Bug 1274315

Summary: HE-VM can't be migrated between the hosts and host is stuck in "Preparing For Maintenance".
Product: [oVirt] ovirt-engine Reporter: Nikolai Sednev <nsednev>
Component: BLL.VirtAssignee: Roy Golan <rgolan>
Status: CLOSED CURRENTRELEASE QA Contact: Nikolai Sednev <nsednev>
Severity: high Docs Contact:
Priority: high    
Version: 3.6.0.1CC: bugs, cshao, dfediuck, gklein, huiwa, huzhao, mavital, mgoldboi, nsednev, sbonazzo, tjelinek, ycui
Target Milestone: ovirt-3.6.2Keywords: Triaged
Target Release: 3.6.2Flags: rule-engine: ovirt-3.6.z+
rule-engine: blocker+
mgoldboi: planning_ack+
dfediuck: devel_ack+
rule-engine: testing_ack+
Hardware: x86_64   
OS: Linux   
Whiteboard:
Fixed In Version: Doc Type: Bug Fix
Doc Text:
Cause: The import of the engine VM was constantly failing and that was colliding with the attempt update the migration progress of that VM. Consequence: the engine VM would appear as still be running on the host and the host couldn't be moved into maintenance. Fix: The import of the engine vm is stable now and shouldn't fail and that will make the migration proceed. Result: The engine VM will handover to the destination host, and the source host will be free and then it will be able to move to maintenance.
Story Points: ---
Clone Of: Environment:
Last Closed: 2016-02-18 11:00:54 UTC Type: Bug
Regression: --- Mount Type: ---
Documentation: --- CRM:
Verified Versions: Category: ---
oVirt Team: SLA RHEL 7.3 requirements from Atomic Host:
Cloudforms Team: --- Target Upstream Version:
Embargoed:
Bug Depends On: 1269768    
Bug Blocks:    
Attachments:
Description Flags
logs from the engine and the host from which migration was started
none
Screenshot from 2015-10-26 14:40:44.png
none
engine's logs
none
alma03 logs (source)
none
alma04 logs (destination)
none
engine's log
none
alma03
none
alma04 none

Description Nikolai Sednev 2015-10-22 13:20:56 UTC
Description of problem:
I have two hosts within my HE environment and I tried to migrate all VMs including the HE-VM from one host to another, by setting the host in to maintenance.

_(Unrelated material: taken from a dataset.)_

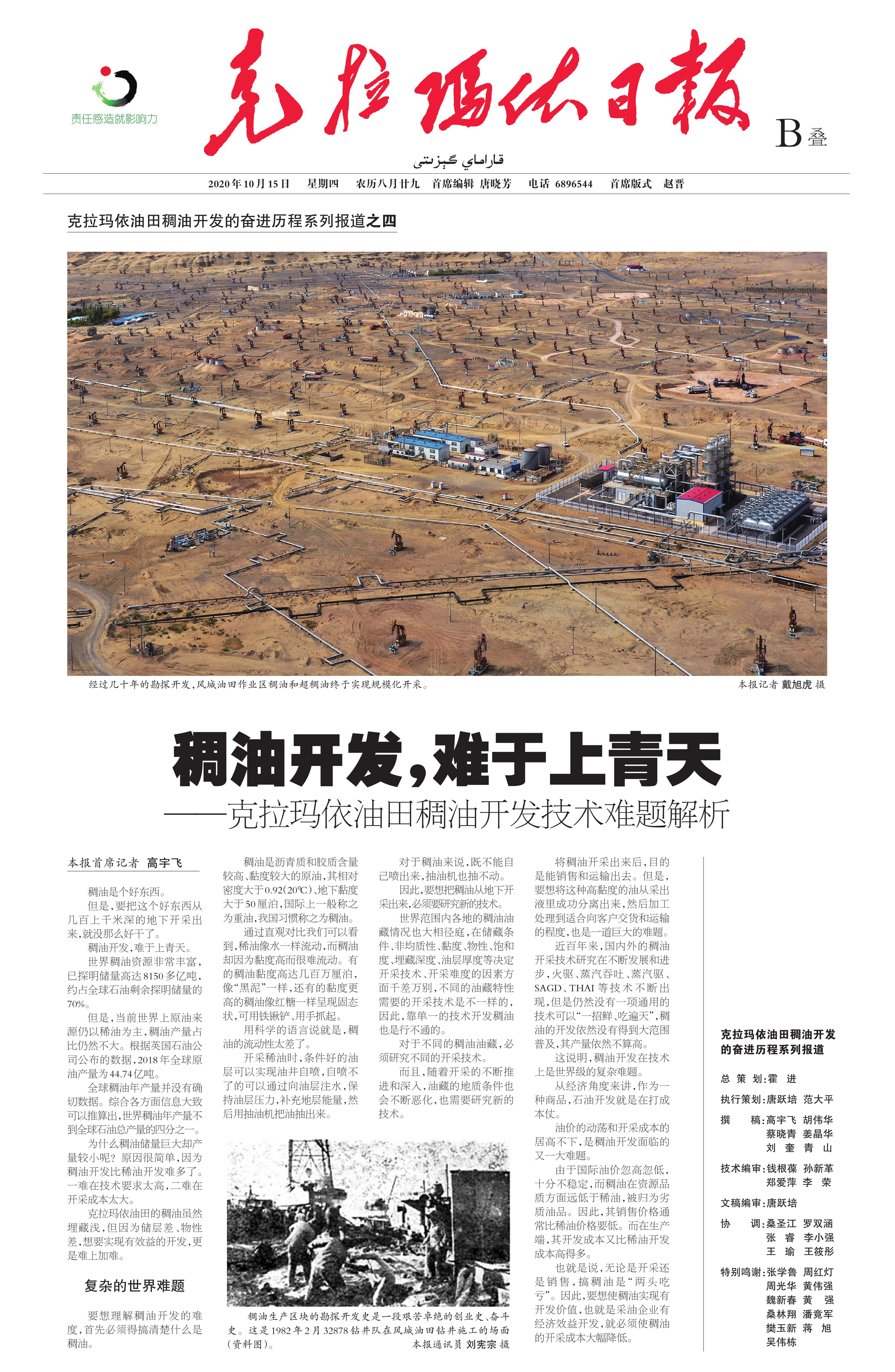 ????明日請關注克拉瑪依油田稠油開發(fā)的奮進歷程系列報道之五:《馴化蒸汽突出重圍——克拉瑪依油田稠油油藏注蒸汽開發(fā)技術攻關紀實》

I saw that all guest VMs were migrated successfully, except HE-VM, which was shown for some time as being migrated, bu then it failed to migrate and hosts remained in "Preparing For Maintenance" state. 
I saw also error message received by the engine:
"VDSM <host's FQDN> command failed: Virtual machine does not exist"

Version-Release number of selected component (if applicable):
Host:
ovirt-hosted-engine-setup-1.3.1-0.0.master.20151020145724.git565c3f9.el7.centos.noarch
ovirt-hosted-engine-ha-1.3.1-1.20151016090950.git5ea5093.el7.noarch                    
mom-0.5.1-2.el7.noarch
vdsm-4.17.9-15.git1a7d1d3.el7.noarch
qemu-kvm-rhev-2.3.0-31.el7.x86_64
libvirt-client-1.2.17-12.el7.x86_64
sanlock-3.2.4-1.el7.x86_64

Engine:
ovirt-vmconsole-1.0.0-0.0.6.master.el6ev.noarch
rhevm-3.6.0.1-0.1.el6.noarch
rhevm-guest-agent-common-1.0.11-2.el6ev.noarch
qemu-guest-agent-0.12.1.2-2.479.el6_7.1.x86_64


How reproducible:
100%

Steps to Reproduce:
1.Deploy RHEVM3.6 (16) on 2 RHEL7.2 hosts over iSCSI.
2.Create 2 VMs and start them all on the same host.
3.Set host that hosts 3 VMs to maintenance via WEBUI.

Actual results:
All guest VMs except HE-VM migrated to second host and host itself is stuck in "Preparing For Maintenance".

Expected results:
HE-VM should be migrated to second host.

Additional info:

Comment 1 Nikolai Sednev 2015-10-22 13:32:20 UTC
Created attachment 1085520 [details]
logs from the engine and the host from which migration was started

Comment 2 Oved Ourfali 2015-10-22 14:43:45 UTC
Host will remain in preparing for maintenance until all VMs are migrated. 
Putting virt (as you haven't put any whiteboard), but sounds like notabug, unless the migration is problematic for some reason.

Comment 3 Michal Skrivanek 2015-10-23 17:56:40 UTC
vdsm log doesn't cover the right period. Please add correct logs for both source and destination (time seem to be ~2015-10-22 14:18:00)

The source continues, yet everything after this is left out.